Result and discussion
An overview of the CCRs and emotional rating scores can be found in Table 3 for each emotion and each intensity level (for basic emotions only). The individual data for each voice stimulus that underwent validation in the UK is available in the supplementary material (Table B). The overall CCR for all emotion categories combined was 39% (SD: 31%). This indicates that recognizing an emotion from another’s voice is relatively difficult (as a point of comparison O’Reilly et al., 2016, found a CCR of 63% for recognizing emotions from faces) and variable across stimuli. This variability was apparent both across emotion categories and within an emotion category. Indeed, among the emotions expressed at normal intensity, some were particularly well recognized. This was the case for negative emotions such as worried (mean = 67%, SD = 19%, median = 71%), frustrated (mean = 60%, SD = 26%, median = 60%), and disappointed (mean = 53%, SD = 33%, median = 58%). On the contrary, kind (mean = 23%, SD = 29%, median = 7%), ashamed (mean = 22%, SD = 31%, median = 3%), and jealous (mean = 17%, SD = 24%, median = 4%) had notably low CCRs.

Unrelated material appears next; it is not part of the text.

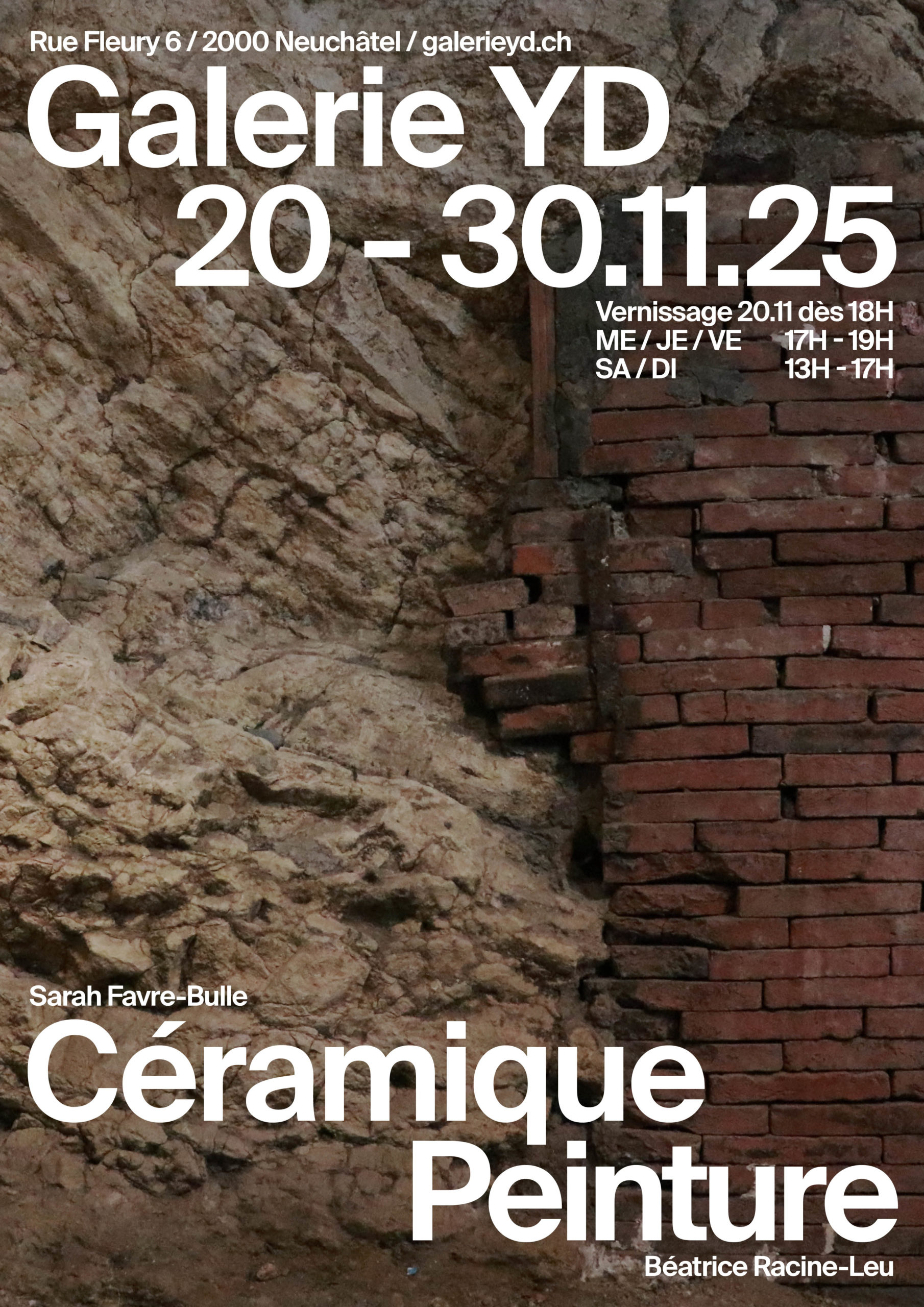 Exposition Céramique et Peinture Sarah Favre-Bulle CERAMIQUE Béatrice Racine-Leu PEINTURE Date 20 - 30 Nov 2025 Heure 18 h 00 min - 17 h 00 min Catégorie Exposition Littérature

Many of the actors who portrayed the UK emotional voices also portrayed (separately) emotions in the face, body, and social context modalities for the EU-Emotion Stimulus Set (O’Reilly et al., 2016). Interestingly, O’Reilly and colleagues also found low CCRs for kind and jealous expressed through facial emotions (9% and 13%, respectively) and for jealous expressed through body language (3%), which was in contrast to the relatively high CCRs when those emotions were represented in social context (61% for kind and 44% for jealous). This suggests that those emotions are difficult to recognize when simply considering the expressive channels of others and are best recognized in context.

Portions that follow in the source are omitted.